By contrast, the principle contribution of Benjamin D. Paul in his work Health, Culture and Community (1955), departs from the theoretical orientation of his predecessors in one important way – he addresses the dynamic nature of an applied strategy. His work during the 1950s was not concerned with the nature of research or theory inasmuch as his concern was with the point at which medicine meets the community, which later became the stimulus for the public health movement. In short, Paul’s concern with systems and system changes makes two fundamental propositions: 1) an entity has identifiable parts that are mutually interdependent in a way that each influences the other; and 2) the introduction of new elements can affect the host medical system and in turn causes the entire system to be reinterpreted.
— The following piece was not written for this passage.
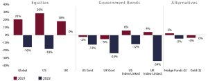 Source: Bloomberg/James Hambro & Partners. December 2022. Equities: Global is MSCI AC World Index, US is S&P 500, UK is FTSE All-Share. Bonds: US Govt is BB US Government Conventional Index, UK Govt is FTSE Actuaries All Gilt Index, US Index-Linked is BB US Government Inflation-Linked Index, UK Index-Linked is FTSE Actuaries UK Index Linked Index. Alternatives: Hedge Funds is HFRX Equal Weight Strategies. Past performance is not a reliable indicator of future results.

Paul’s “system-model” is important because it addresses the modern medical system, accounts for the complexity of community structures, and is dynamic in that it addresses the consequences of change.
We should also note that a later orientation known as the “ecological” model benefited from the work of Paul’s system model. Studies by Livingstone (1958), Wiesenfeld (1967), McElroy and Townsend’s (1966 – Medical Anthropology in Ecological Perspective) and Peter Brown’s Understanding and Applying Medical Anthropology (1998) emphasize the relationship of environmental factors on medical anthropology.
Thus, medical anthropology developed from an interest in medical belief systems of non-Western societies and later became the stimulus for public health systems. But moreover, early theorists recognized that it was important to understand these beliefs and practices in terms of their unique cultural perceptions.
Sources: Ackerknecht, E. H. (1948). Anticontagionism Between 1821 and 1867. Hist Med 532.567, 589-592; Brown, P. (1998). Understanding and Applying Medical Anthropology: Mayfield Publishing Company; Clements, F. E. (1932). Primitive Concepts of Disease. University of California Publications in American Archaeology and Ethnology, 32, 185-252; McElroy, A. P. K. T. (2008). Medical Anthropology in Ecological Perspective (Fifth ed.): Westview Press; Paul, B. D. (1955). Health, Culture, and Community: Russell Sage Foundation; Rivers, W. H. R. (1924). Medicine, Magic, and Religion. New York: Routledge.